Problem to solve: Leave the images out and repeat the data exactly as given.

Supplied data:

■ ■ ■ ■ ■

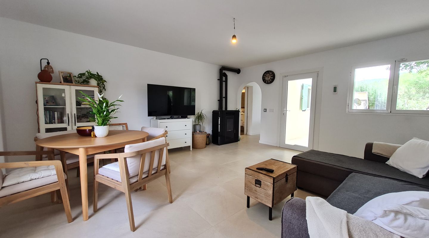 La casa ha sido completamente renovada con materiales de primera calidad, destacando el aislamiento SATE de 8 cm en la fachada y el aislamiento térmico en todo el suelo, lo que garantiza un gran confort y eficiencia energética. Dispone de dos habitaciones dobles y una habitación simple que actualmente se utiliza como vestidor, un baño con ducha, un salón comedor amplio y muy luminoso con estufa de pellets de alto rendimiento canalizada para calefacción, así como una cocina moderna, hecha a medida, totalmente equipada con muebles y electrodomésticos de alta gama. Los dormitorios cuentan además con ventiladores de techo que aportan frescor y comodidad en los meses más cálidos.
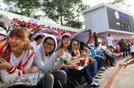 Các CĐV mãn nhãn trước màn trình diễn của các ngôi sao Việt Nam và Thái Lan.
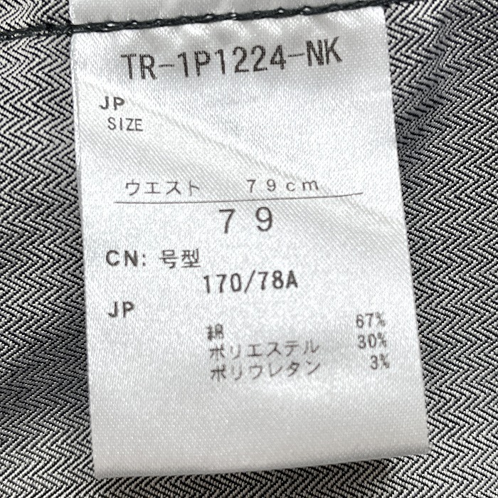 | 実寸サイズ | (タグ表記:79) ・裾幅19cm ・ウエスト79cm ・股上24cm ・股下75cm ・ヒップ104cm ・わたり幅28cm |

■ ■ ■ ■ ■

Expected answer:
 La casa ha sido completamente renovada con materiales de primera calidad, destacando el aislamiento SATE de 8 cm en la fachada y el aislamiento térmico en todo el suelo, lo que garantiza un gran confort y eficiencia energética. Dispone de dos habitaciones dobles y una habitación simple que actualmente se utiliza como vestidor, un baño con ducha, un salón comedor amplio y muy luminoso con estufa de pellets de alto rendimiento canalizada para calefacción, así como una cocina moderna, hecha a medida, totalmente equipada con muebles y electrodomésticos de alta gama. Los dormitorios cuentan además con ventiladores de techo que aportan frescor y comodidad en los meses más cálidos.
 Các CĐV mãn nhãn trước màn trình diễn của các ngôi sao Việt Nam và Thái Lan.
 | 実寸サイズ | (タグ表記:79) ・裾幅19cm ・ウエスト79cm ・股上24cm ・股下75cm ・ヒップ104cm ・わたり幅28cm |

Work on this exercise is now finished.